The judge said that the amendment, which specifically guarantees the right to an abortion up until fetal viability, violated state law because organizers did not inform petition signers that it would repeal Missouri’s near-total abortion ban. If that sounds like a desperate reach by someone who simply wanted to find a way to toss an abortion amendment, well, the judge who wrote the decision is named Christopher Limbaugh, and yes, he is the cousin of the late right-wing radio bloviator Rush Limbaugh.
This hasn’t been remarked upon in national news beyond a single sentence in the New York Times, but I’d say it’s pretty notable, given that 380,000 people signed petitions in support of the amendment and the judge seems to share his cousin’s political convictions. The Limbaugh family is actually something of a conservative political dynasty in Missouri, and Christopher is only the latest state judge in the family.
Limbaugh previously served as general counsel to Gov. Mike Parson, who appointed him to the bench in 2021 after circumventing the normal and more transparent selection process. A year later, Parson signed the state’s near-total abortion ban into law and has since touted the dearth of abortions performed in the state. That same year, Limbaugh was floated as a GOP candidate for attorney general, but did not run. Parson made him a circuit judge just last month.
Given the gravity of the issue, Limbaugh held off on immediately tossing the amendment from the ballot, giving Missourians for Constitutional Freedom, the group behind the proposal, until Tuesday to appeal.
Utah: We are now in the thick of Emergency Lawsuit to Block Ballot Measure season, and in Utah, the entire system is on the line.
Attorneys for several organizations filed a lawsuit on Thursday seeking to toss a ballot measure that would grant lawmakers the power to repeal citizen-passed amendments. The lawsuit alleges that the ballot description of the measure is grievously misleading, as it purports to “strengthen” the initiative process while actually doing the exact opposite.
The proposed measure, and its misleading language, is the sort of gross scheme you see in solid red states with closed primaries, which tend to be run by lawmakers who are far more extreme than a majority of voters.

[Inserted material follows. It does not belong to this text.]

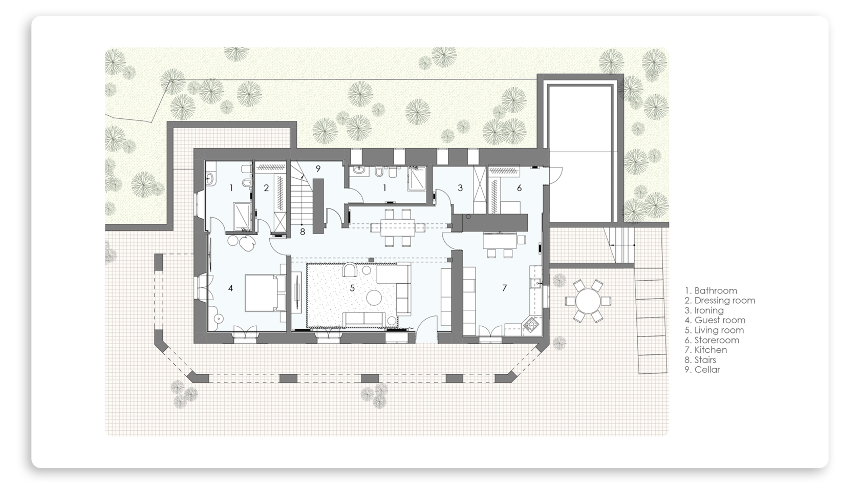 The cottage-type house was built in the old Italian style several generations ago. The walls are made of several layers of stone, high ceilings, high window openings. The project required modern adaptation, thinking through engineering networks and equipment. Creating a functional interior, sketch design and furnishing.

This saga began in July, when the Utah Supreme Court ruled that a GOP gerrymander violated a fair redistricting amendment approved by voters in 2018. Republican lawmakers threw a fit and rushed back to the capital, where they voted to put their misleading amendment on the November ballot. The measure would also ban foreign entities from taking sides or funding ballot measures in Utah, a sweetener for paranoids that Republicans hope drags the initiative over the line.
Idaho: Attorney General Raul Labrador took the L on Thursday, as yet another judge denied his latest attempt to block a ballot initiative that would implement open primaries.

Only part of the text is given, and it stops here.